English writer and social reformer (1868–1940)

George Bedborough Higgs (10 January 1868 – 7 August 1940) was an English writer, editor, social reformer, journalist, and bookseller. He was involved in late 19th- and early 20th-century reform movements including freethought, secularism, vegetarianism, animal rights, birth control, the legitimation of illegitimate children, and free love. He was secretary of the Legitimation League and edited its journal, The Adult.

In 1898, Bedborough was prosecuted for publishing material charged as obscene, including Havelock Ellis's book on homosexuality, Studies in the Psychology of Sex Vol. 2, and writings associated with the Legitimation League. The case, Regina v. Bedborough, led to the formation of a Free Speech Defence Committee, whose supporters included George Bernard Shaw, Edward Carpenter, and G. W. Foote. Bedborough pleaded guilty and was fined £100. He also agreed to end his association with the League and The Adult, a decision criticised by some former allies.
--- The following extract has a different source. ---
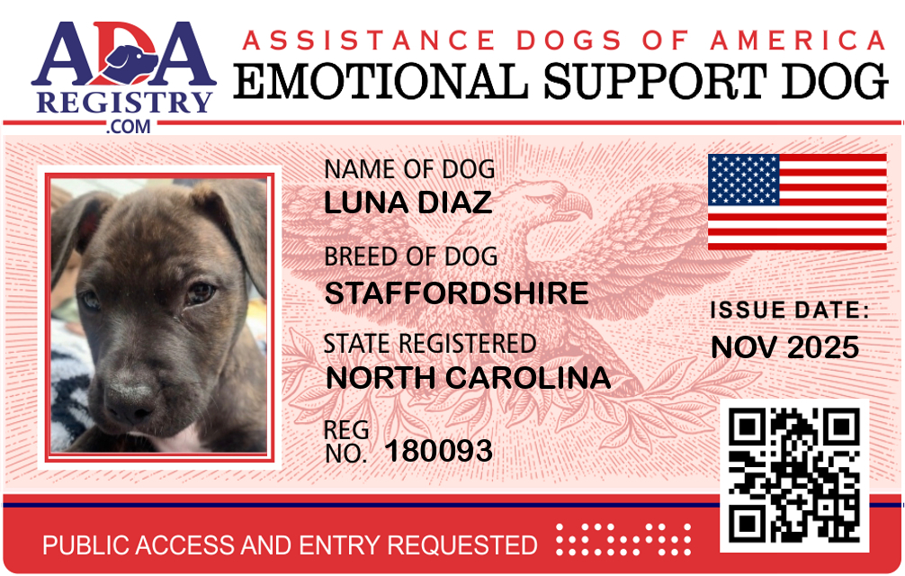 Emotional Support Dog Registration for Luna Diaz

After the trial, Bedborough continued to write on secularist, vegetarian, and animal advocacy themes. He edited The Children's Realm, a vegetarian magazine for children, and published fiction, poetry, and aphorisms. His works include The Atheist (1919), a poem advocating atheism and vegetarianism, and Prayer: An Indictment (1938), a criticism of prayer. After living for a period in the United States, he returned to England and died in Cambridge in 1940.

== Biography ==

=== Early life and education ===
George Bedborough Higgs (Note: Bedborough's father, a clergyman, is said to have detested his son's advocacy of free love; Arthur Calder-Marshall speculated that Bedborough abandoned his surname to avoid embarrassing his father.) was born in St Giles, London, on 10 January 1868. His father, Edward Squance Higgs, was a retired Church of England preacher and his mother was a poet. He was educated at Dulwich College and began work at the age of 16, founding the Workhouse Aid Society with W. T. Stead. Bedborough later attended university.
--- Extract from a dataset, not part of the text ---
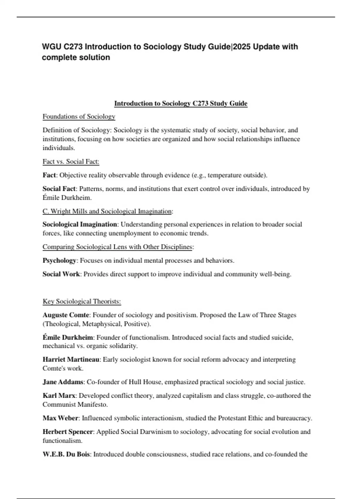 WGU C273 Introduction to Sociology Study Guide|2025 Update with

In 1887, Bedborough was present at Bloody Sunday in Trafalgar Square. He later wrote for publications including the Sunday Chronicle, Shafts, University Magazine, the Newcastle Weekly Chronicle, and the South London Mail. He was a friend and collaborator of Henry S. Salt, Bertram Dobell, and Ernest Bell.
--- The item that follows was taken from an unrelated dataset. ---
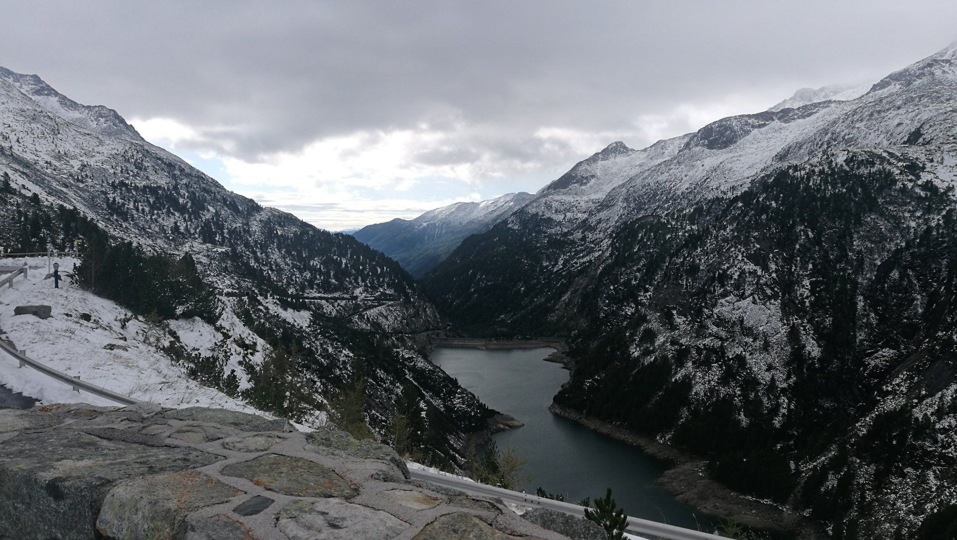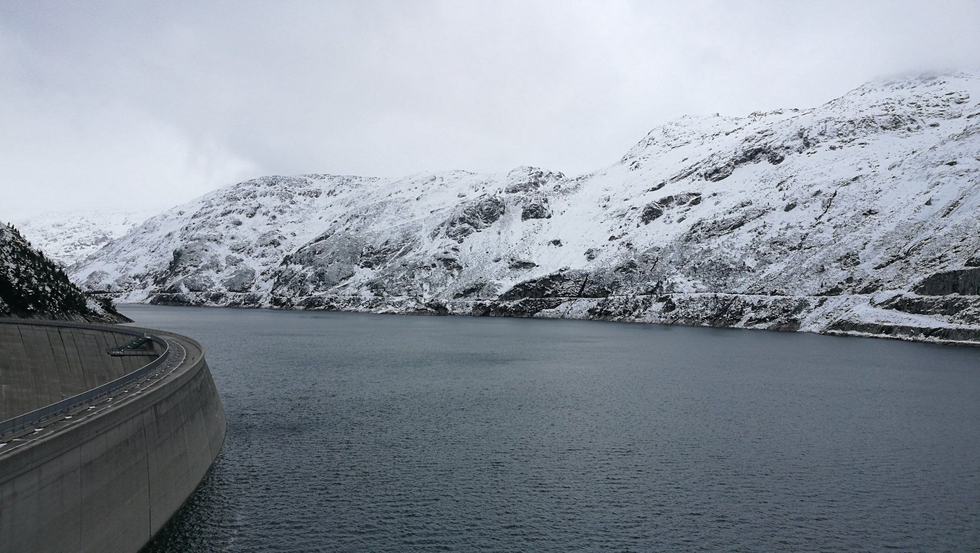 Zunächst werden wir aber erst einmal das Maltatal bis zur Speicher Kölnbrein hinauf fahren. Die Straße ist mautpflichtig, lohnt sich aber zu fahren, vor allem früh Morgens wenn man alle Kurven, Tunnel und den Ausblick auf den Stausee für sich allein hat. Die kalten Farben von Wasser, Schnee, Fels und der eisgraue Himmel erzeugen ein magisches Licht. Mich erinnert das an meine Tour auf der Nordmeerstraße in der Finnmark.

From 1891 to 1892, Bedborough was a member of the National Society of Lanternists. He also worked occasionally as a lantern operator and lecturer.

On 18 April 1892, he married Louisa Fisher (Note: Bedborough's wife went by the name Louie.) at St George's Church, Jesmond, Northumberland. Judy Greenway states that the marriage was undertaken for the sake of his family and that he had an open relationship with his wife.

Bedborough was a member of the Legitimation League and edited its journal The Adult: A Journal for the Advancement of freedom in Sexual Relationships between 1897 and 1898. The League advocated for the legitimation of illegitimate children and free love. His wife was the League's treasurer.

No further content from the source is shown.